We struggle as much as our lawmakers when considering how to attain affordable health care for all Idahoans — particularly the 78,000 left in the gap who make too much money to be considered for Medicaid and too little to access subsidized coverage through the Your Health Idaho exchange.
But there is no need to struggle. Our leaders could take action to accept Medicaid expansion, as 31 other states (even conservative Republican ones) and the District of Columbia have done. These states have decided to tap federal funding under the Affordable Care Act and access an unprecedented level of health care for some of their most vulnerable citizens.
There is resistance in Idaho to accept a new “entitlement” program that, yes, the federal government would subsidize now — but what about the future? What happens if down the road the federal government decides it can no longer fund the program?
This what-if scenario is real — but no more real than the critical need to get health care for Idahoans.
Gov. Butch Otter and the Legislature are studying alternative methods to get some measure of health care to our “gap” citizens. Although the Primary Care Access Program now being considered would establish relationships with a doctor and would cover preventive care, “it would not cover acute or chronic care, hospitalization or prescriptions,” as the Statesman’s Bill Dentzer reported this week.
Money for PCAP would come from state tobacco and cigarette taxes and thus avoid any federal source. But such funding comes with risks, just as federal funding does. And though it is true that PCAP gets “gap” Idahoans to first base, it leaves them there. What would be the options for someone diagnosed with cancer or diabetes who needed treatments? The level and extent of care at first base would be different and uneven, depending upon what clinic one accessed throughout the state.
We also don’t feel comfortable calling this an “Idaho solution,” though its proponents do. At best it is a first step that will never go the distance and serve all Idahoans in a way Medicaid expansion could.
Two Otter task forces concluded that some form of Medicaid expansion was the preferred path in Idaho. The last recommendation in 2014 estimated savings of $173 million over the next 10 years.
We’ve heard all about the lack of political will to get it done. Lawmakers have found the sweet spot of political will to get behind education to the point where keeping up with spending increase plans is now a foregone conclusion. We congratulate Otter and the Legislature for finally getting this done. It happened because the stakeholders involved would not take “no” for answer.
Idahoans should not take “no” for an answer on Medicaid expansion, either, and should not accept PCAP alone unless it can lead to something more comprehensive.
Otter expended great political capital and took great risk when he agreed to go with an insurance exchange in Idaho in 2012. OK, accepting Medicaid expansion right after that would have been a stretch. But campaigning for Medicaid expansion is within reach now for a governor who won’t be running again and who shouldn’t be worried about hoarding his political capital.

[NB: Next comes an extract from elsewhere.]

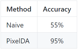 PixelDA 在 MNIST 上训练一个分类器,并可以变换到和 MNIST-M 相似的图像(通过执行无监督的图像到图像域适应)。该模型和在 MNIST 上训练分类器并在 MNIST-M 上评估的朴素方法对比。朴素方法在 MNIST 上取得了 55% 的准确率,而在域适应上训练的模型获得了 95% 的分类准确率。

Accepting Medicaid expansion does not have to be forever. Idaho could use it as an interim plan and walk away at any time — as soon as it finds a true Idaho solution that doesn’t leave people stranded at first base.
The feds seem eager to hand out waivers that allow flexibility about how to manage the federal money meant for those in need of health care. Accepting Medicaid expansion on an interim basis would make sense; if not, let’s get things rolling with PCAP. But then let’s fashion a true and lasting Idaho solution that rescues our friends and neighbors from the gap.